--- THE DATA ---

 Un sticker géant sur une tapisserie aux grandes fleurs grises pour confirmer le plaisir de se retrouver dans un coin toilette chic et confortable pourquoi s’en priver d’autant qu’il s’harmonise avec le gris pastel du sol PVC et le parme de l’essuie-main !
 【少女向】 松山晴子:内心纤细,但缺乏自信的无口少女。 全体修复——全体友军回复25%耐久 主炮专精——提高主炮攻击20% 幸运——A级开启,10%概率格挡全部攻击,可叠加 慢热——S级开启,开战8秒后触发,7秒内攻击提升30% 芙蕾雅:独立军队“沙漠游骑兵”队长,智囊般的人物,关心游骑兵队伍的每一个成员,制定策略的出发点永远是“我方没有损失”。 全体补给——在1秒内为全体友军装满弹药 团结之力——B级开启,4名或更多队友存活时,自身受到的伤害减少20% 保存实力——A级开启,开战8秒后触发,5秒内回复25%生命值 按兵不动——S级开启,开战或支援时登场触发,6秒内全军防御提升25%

---
--- THE DATA ---

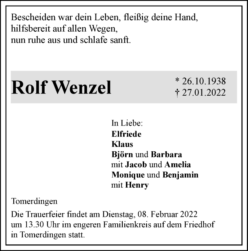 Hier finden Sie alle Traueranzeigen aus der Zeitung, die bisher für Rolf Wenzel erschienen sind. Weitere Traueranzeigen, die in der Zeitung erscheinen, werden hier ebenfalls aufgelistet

---
--- THE DATA ---

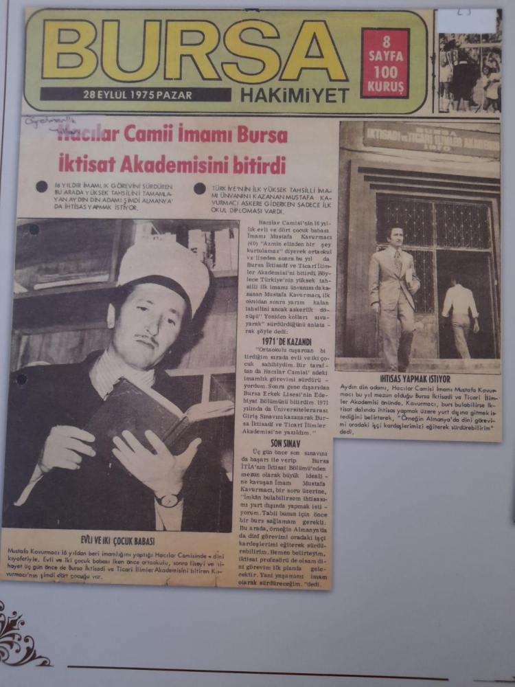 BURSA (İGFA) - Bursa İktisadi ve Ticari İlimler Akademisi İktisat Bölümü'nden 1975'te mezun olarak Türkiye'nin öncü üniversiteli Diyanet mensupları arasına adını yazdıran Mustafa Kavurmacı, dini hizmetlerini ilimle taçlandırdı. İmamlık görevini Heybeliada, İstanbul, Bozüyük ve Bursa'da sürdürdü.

---

## TASK INSTRUCTIONS:
Print exactly the lines of the listing above starting at the line containing "Un sticker géant" and ending at the line containing "松山晴子:内心纤细,但缺乏自信的无口少女。 全体修复——全体友军回复25%耐久 主炮专精——提高主炮攻击20%", both included.

## RESULT OF THIS TASK:
 Un sticker géant sur une tapisserie aux grandes fleurs grises pour confirmer le plaisir de se retrouver dans un coin toilette chic et confortable pourquoi s’en priver d’autant qu’il s’harmonise avec le gris pastel du sol PVC et le parme de l’essuie-main !
 【少女向】 松山晴子:内心纤细,但缺乏自信的无口少女。 全体修复——全体友军回复25%耐久 主炮专精——提高主炮攻击20% 幸运——A级开启,10%概率格挡全部攻击,可叠加 慢热——S级开启,开战8秒后触发,7秒内攻击提升30% 芙蕾雅:独立军队“沙漠游骑兵”队长,智囊般的人物,关心游骑兵队伍的每一个成员,制定策略的出发点永远是“我方没有损失”。 全体补给——在1秒内为全体友军装满弹药 团结之力——B级开启,4名或更多队友存活时,自身受到的伤害减少20% 保存实力——A级开启,开战8秒后触发,5秒内回复25%生命值 按兵不动——S级开启,开战或支援时登场触发,6秒内全军防御提升25%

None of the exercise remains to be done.